Return every record below exactly as written, but leave out the pictures.

***** Data records *****

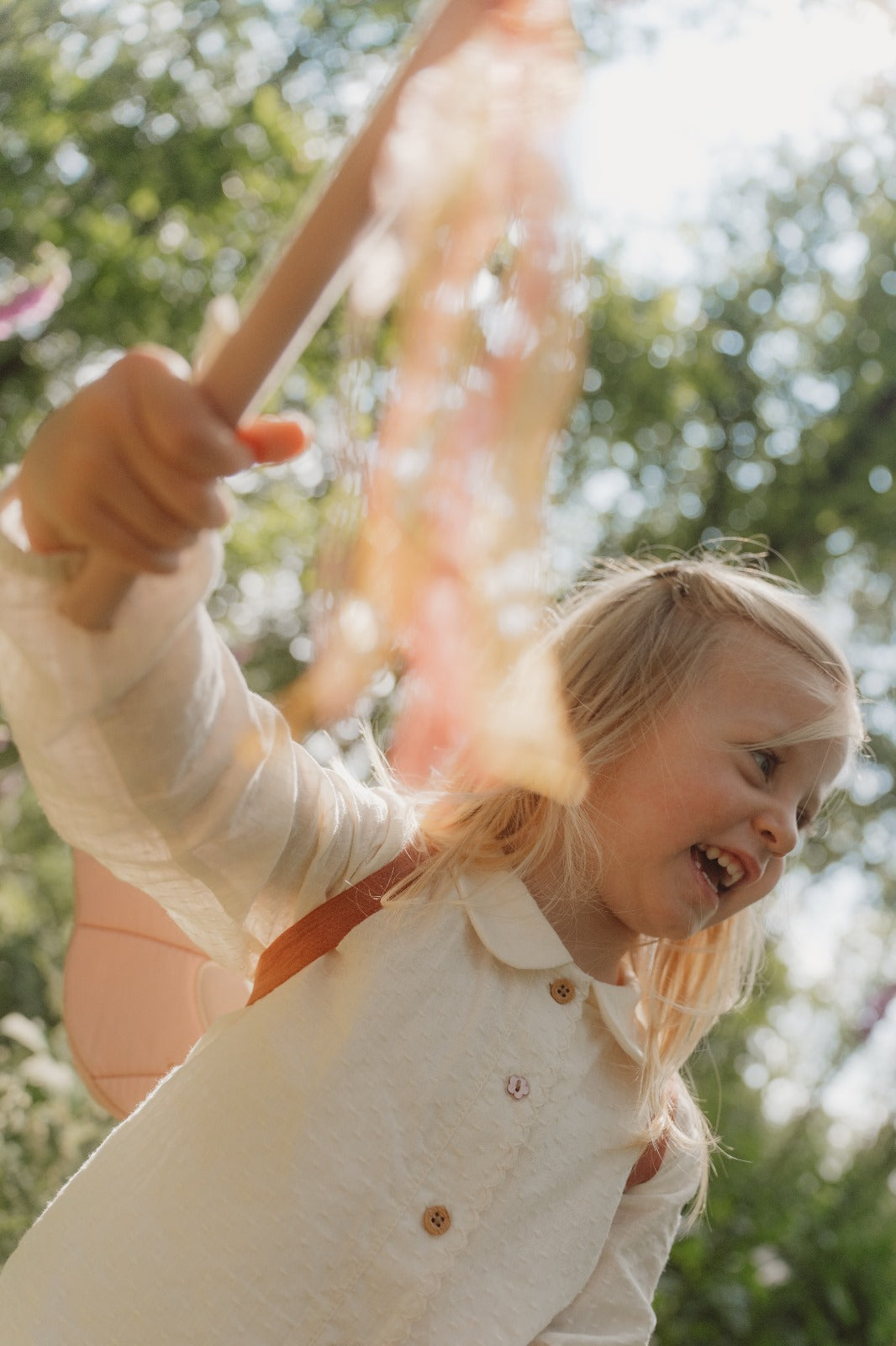 Die Little Dutch Feenflügel und der Zauberstab in Rosa aus der Fairy Garden Kollektion lassen Kinder in eine Welt voller Magie eintauchen. Das liebevoll gestaltete Set besteht aus zarten Flügeln mit elastischen Schultergurten, die sicheren Halt bieten, und einem funkelnden Zauberstab mit eleganten Bändern. So wird jedes Rollenspiel zu einem verzaubernden Erlebnis.
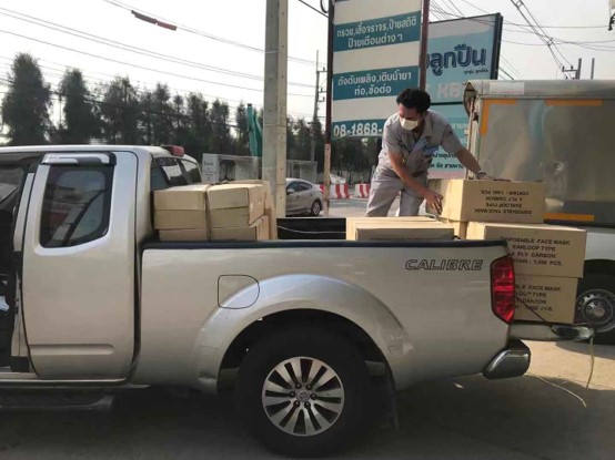 在疫情爆發(fā)的時刻,泰國分公司的員工在副總經(jīng)理莫宏敏動員下,采購人員電話聯(lián)系所有商家和藥店采購防護用品。面對泰國當(dāng)?shù)匾渤霈F(xiàn)防護用品搶貨的情況下,依然買到防護服1000套、醫(yī)療手套10000雙、護目鏡700副、防護口罩20000只、醫(yī)用防護帽10000只。
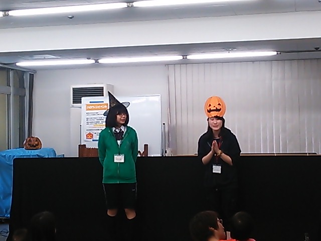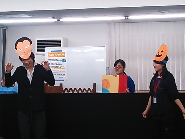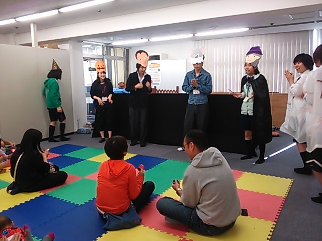 ハロウィンの紙芝居にあわせていろいろな登場人物が現れてきましたよ~!
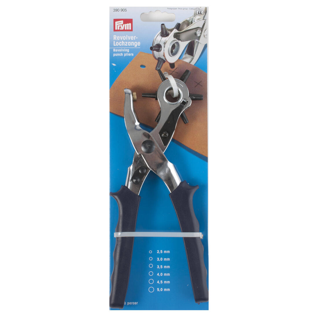 Een handige gaatjestang voor leder, folie, papier, enzovoort. Knipt zes diameters, van 2,5 mm tot 5 mm. Een onmisbaar item in je naaidoos.
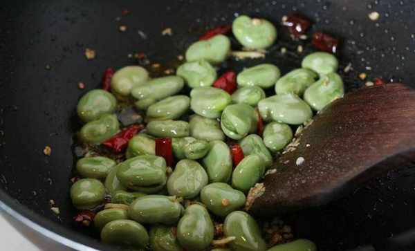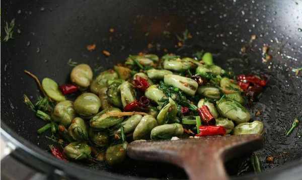 第五步:调到大火之后,倒入蚕豆快速煸炒至断生(也可以将蚕豆提前焯水处理),倒入一些茴香菜,中小火翻炒均匀。
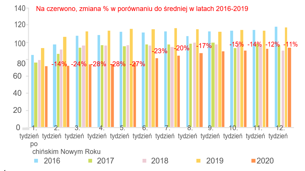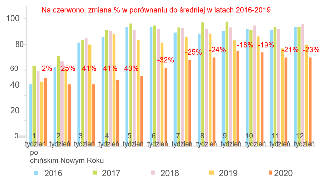 Obecnie w Allianz i Euler Hermes spodziewamy się, że pełne wznowienie chińskiej gospodarki nastąpi dopiero w czerwcu, opóźnione ze względu na presje zarówno popytu krajowego, jak i zewnętrznego. To dwa miesiące później niż nasza poprzednia ocena (zob. tutaj). Dane wysokiej częstotliwości (zob. Rysunki 2-4) sugerują, że produkcja nadal plasuje się 15-20% poniżej zwykłych poziomów i jest nawet niższa dla konsumpcji (np. wydatki na dobra trwałe prawdopodobnie na około 65% normalnych poziomów). Wydaje się, że ożywienie uległo zatrzymaniu w kwietniu, zapewne w wyniku niższego popytu zewnętrznego ze względu na ograniczenia wprowadzone u partnerów handlowych Chin. Dystans społeczny i cios w dochód do dyspozycji w I kw. powinny także ograniczyć konsumpcję prywatną w kraju. Chociaż dane chińskie generalnie zaskakują pozytywnie w marcu, istnieje ryzyko, że rozczarowanie może nastąpić w kilku nadchodzących miesiącach.
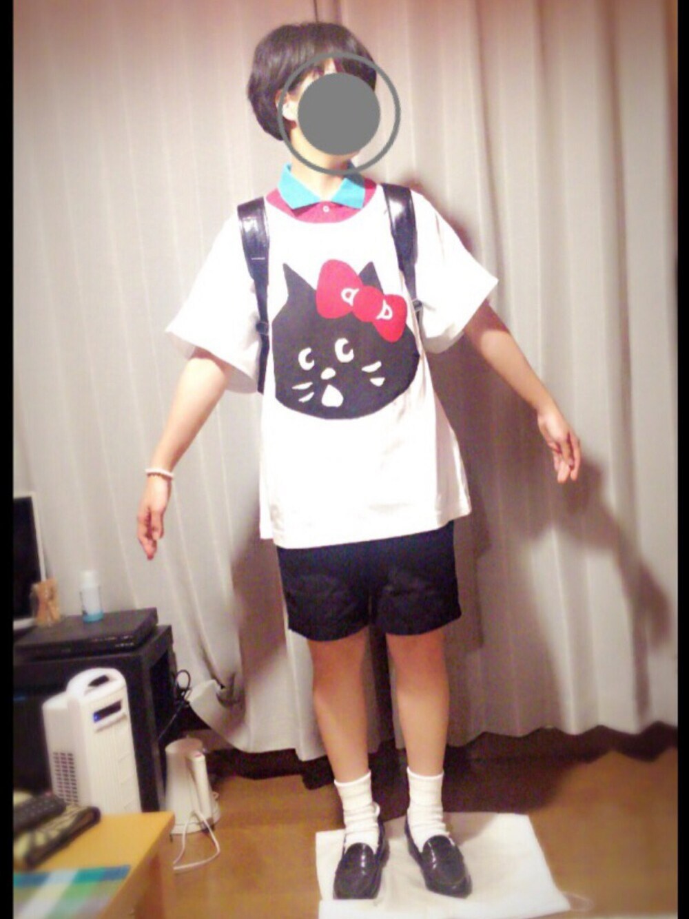 にゃーーわーー こんばんは。にゃーとキティちゃんコラボビッグT。かわいいですね。かわいいに決まってますね。 短パンと白ソックスとローファー。そうです。小学生スタイル。自分の将来が心配です。 そんなことどうでもいいです!! 襟と本体のバイカラーが大好物なので、白Tと合わせられて満足満足満( ^ω^ )

*****

### Exercise response
 Die Little Dutch Feenflügel und der Zauberstab in Rosa aus der Fairy Garden Kollektion lassen Kinder in eine Welt voller Magie eintauchen. Das liebevoll gestaltete Set besteht aus zarten Flügeln mit elastischen Schultergurten, die sicheren Halt bieten, und einem funkelnden Zauberstab mit eleganten Bändern. So wird jedes Rollenspiel zu einem verzaubernden Erlebnis.
 在疫情爆發(fā)的時刻,泰國分公司的員工在副總經(jīng)理莫宏敏動員下,采購人員電話聯(lián)系所有商家和藥店采購防護用品。面對泰國當(dāng)?shù)匾渤霈F(xiàn)防護用品搶貨的情況下,依然買到防護服1000套、醫(yī)療手套10000雙、護目鏡700副、防護口罩20000只、醫(yī)用防護帽10000只。
 ハロウィンの紙芝居にあわせていろいろな登場人物が現れてきましたよ~!
 Een handige gaatjestang voor leder, folie, papier, enzovoort. Knipt zes diameters, van 2,5 mm tot 5 mm. Een onmisbaar item in je naaidoos.
 第五步:调到大火之后,倒入蚕豆快速煸炒至断生(也可以将蚕豆提前焯水处理),倒入一些茴香菜,中小火翻炒均匀。
 Obecnie w Allianz i Euler Hermes spodziewamy się, że pełne wznowienie chińskiej gospodarki nastąpi dopiero w czerwcu, opóźnione ze względu na presje zarówno popytu krajowego, jak i zewnętrznego. To dwa miesiące później niż nasza poprzednia ocena (zob. tutaj). Dane wysokiej częstotliwości (zob. Rysunki 2-4) sugerują, że produkcja nadal plasuje się 15-20% poniżej zwykłych poziomów i jest nawet niższa dla konsumpcji (np. wydatki na dobra trwałe prawdopodobnie na około 65% normalnych poziomów). Wydaje się, że ożywienie uległo zatrzymaniu w kwietniu, zapewne w wyniku niższego popytu zewnętrznego ze względu na ograniczenia wprowadzone u partnerów handlowych Chin. Dystans społeczny i cios w dochód do dyspozycji w I kw. powinny także ograniczyć konsumpcję prywatną w kraju. Chociaż dane chińskie generalnie zaskakują pozytywnie w marcu, istnieje ryzyko, że rozczarowanie może nastąpić w kilku nadchodzących miesiącach.
 にゃーーわーー こんばんは。にゃーとキティちゃんコラボビッグT。かわいいですね。かわいいに決まってますね。 短パンと白ソックスとローファー。そうです。小学生スタイル。自分の将来が心配です。 そんなことどうでもいいです!! 襟と本体のバイカラーが大好物なので、白Tと合わせられて満足満足満( ^ω^ )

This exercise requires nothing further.